Zakat fitrah adalah ibadah menurut ijma kaum muslimin, dan semua ibadah pada dasarnya tauqifi (mengikuti dalil atau petunjuk). Maka tidak boleh lagi seorang hamba untuk beribadah kepada Alloh Subhaanahu wa Ta’ala dengan satu ibadahpun kecuali dengan cara yang diambil dari Nabi Shallallahu ‘alaihi wa Sallam. Sehingga dalam mengeluarkan zakat, kita pun harus merujuk kepada tuntunan syariat dari Rasululloh Shallallahu ‘alaihi wa Sallam, bukan melalui hasil karya manusia saat ini.
Yang diperintahkan dalam zakat fitrah adalah menunaikannya dengan cara yang telah diperintahkan oleh Nabi Shallallahu ‘alaihi wa Sallam, yaitu dengan mengeluarkan satu sha’ makanan pokok penduduk negeri tersebut dan diberikan kepada orang-orang faqir pada waktunya. Adapun mengeluarkan uang senilai zakat fitrah, maka hal itu tidak sah karena menyelisihi perintah Rasululloh Shallallahu ‘alaihi wa Sallam dan menyelisihi apa yang pernah dilakukan oleh para sahabat, mereka tidak pernah mengeluarkan uang padahal mereka lebih tahu tentang sesuatu yang boleh dan sesuatu yang tidak boleh.
Mengenai hal ini, Imam Bukhari dan Imam Muslim telah meriwayatkan dari Abdullah bin Umar Radhiallahu ‘anhu, dia berkata, yang artinya: “Rasululloh Shallallahu ‘alaihi wa sallam telah mewajibkan zakat fitrah dengan satu sha’ kurma, atau gandum atas setiap orang muslimin yang merdeka ataupun budak baik laki mupun perempuan kecil ataupun besar”
Dan Rasululloh Shallallahu ‘alihi wa Sallam memerintahkan supaya zakat itu dilaksanakan sebelum orang keluar untuk melakasanakan shalat Idul Fitri. Imam Bukhari dan Muslim juga meriwayatkan dari Abu Said al-Khudri Radhiallahu ‘anhu, dia berkata, yang artinya: “Kami memberikan zakat fitrah itu pada zaman Nabi Shallallahu ‘alaihi wa Sallam dengan satu sha makanan, atau satu sha’ kurma atau gandum atau anggur kering” dalam satu riwayat “satu sha’ keju”
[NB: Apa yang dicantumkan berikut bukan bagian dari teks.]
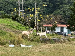 夕方のバス便が来るまで港の周辺をぶらついていると、親子らしきの山羊さん2匹が長い紐でつながれて、草を食べていました。紐が届く範囲の草を食べ尽くしていたので、近くの瑞々しい草をちぎって与えたらメエーメエーと大喜びでした。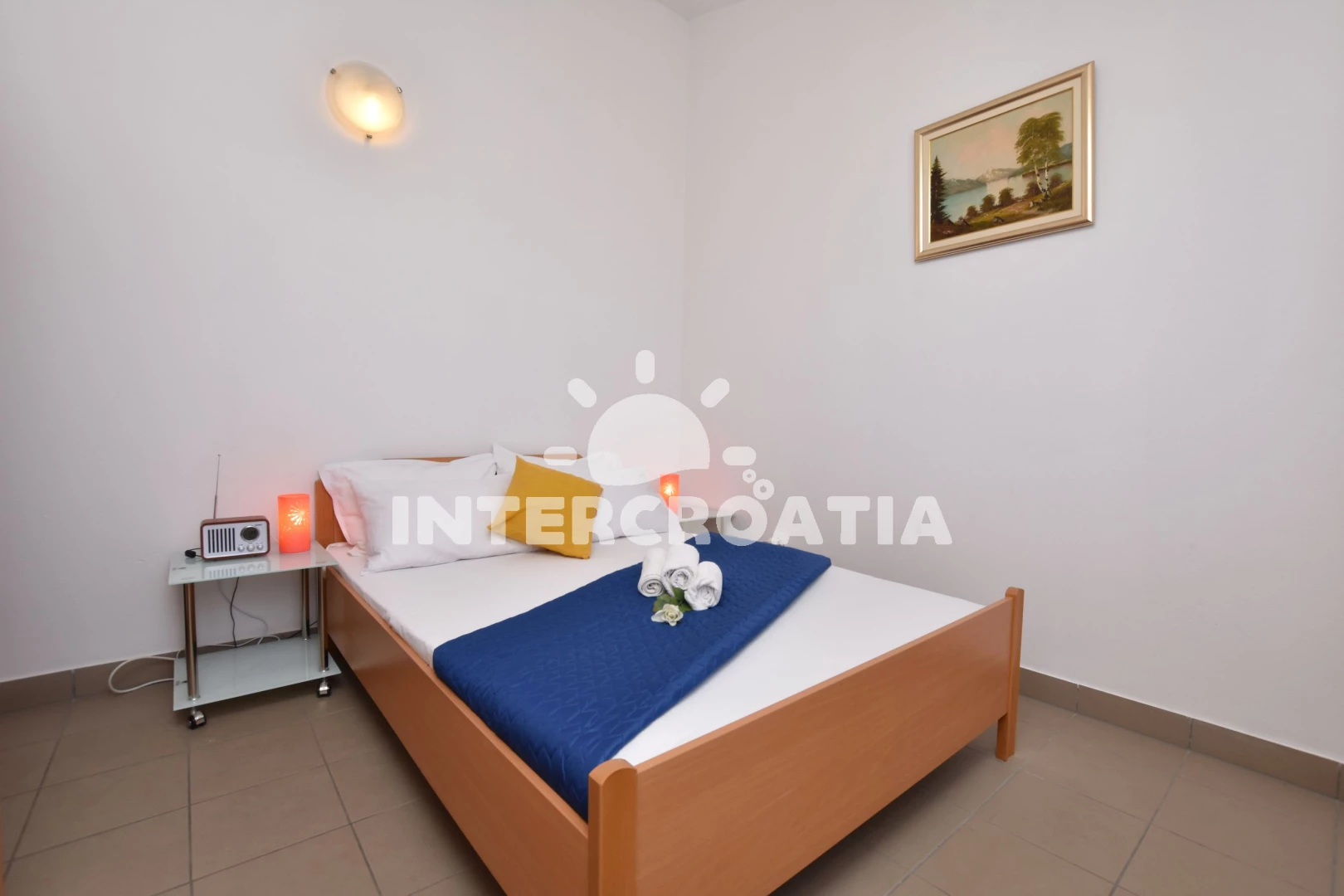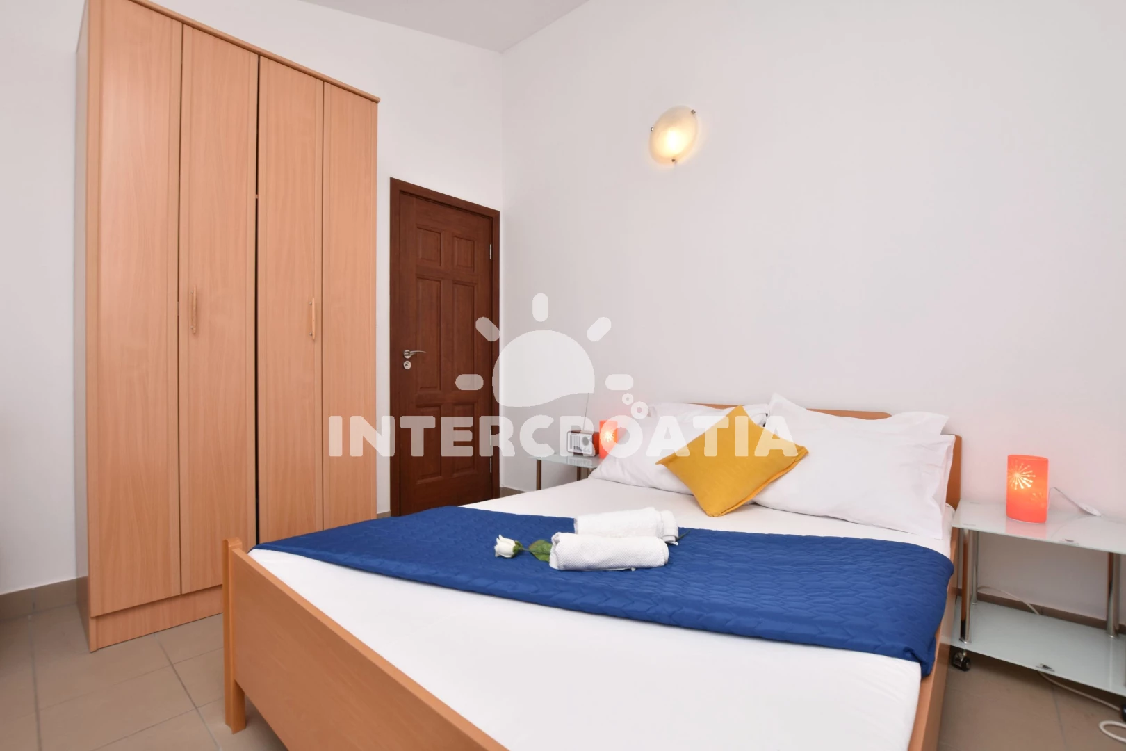 Apartmán (34 m2) s balkonem, a výhledem na moře. Nachází se ve 2. patře objektu. Apartmán má 1 ložnici a je vhodný pro až 4 osoby. Kuchyňská linka je vybavena varnou deskou, troubou, toustovačem, mikrovlnnou troubou, rychlovarnou konvicí, nádobím, lednicí, mrazákem. V obývací místnosti je rozložitelná pohovka (extra lůžko pro 2 osoby). K dispozici televize se satelitním programem, radio, žehlička. Ložnice s dvoulůžkem. Koupelna se sprchovým koutem, umyvadlem, fénem a WC.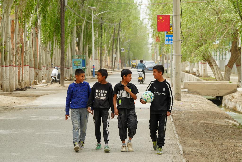 ↑2025年4月13日,在新疆克孜勒苏柯尔克孜自治州阿图什市亚喀巴格村,学生们结束踢球后走在村中小路上。新华社记者 徐宏岩 摄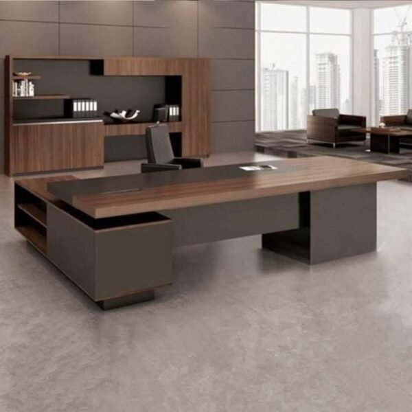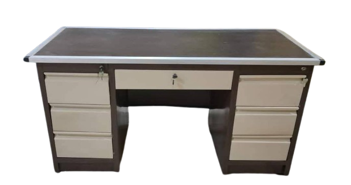 - التصميم: يتميز بتصميم مستطيل كلاسيكي مع أرجل معدنية أو قواعد جانبية مغلقة تحتوي على الأدراج.

Inilah sunnah Rasululloh Shallallahu ‘alaihi wa Sallam dalam zakat fitrah. Dan sudah diketahui bersama bahwa pensyari’atan dan pengeluaran zakat ini ditetapkan, di tengah kaum muslimin terutama penduduk Madinah sudah ada Dinar dan Dirham, dua mata uang yang utama kala itu. Namun Rasululloh Shallallahu ’alaihi wa Sallam tidak menyebutkan keduanya dalam zakat fitrah. Kalau seandainya salah satu dari keduanya boleh dipakai dalam zakat fitrah tentu hal itu sudah dijelaskan oleh Nabi Shallallahu ‘alaihi wa Sallam, karena tidak boleh menunda-nunda keterangan pada saat dibutuhkan. Dan kalaulah hal itu pernah dikerjakan Rasululloh Shallallahu ’alaihi wa Sallam tentu telah dikerjakan oleh para sahabat Radhiallahu ‘anhum.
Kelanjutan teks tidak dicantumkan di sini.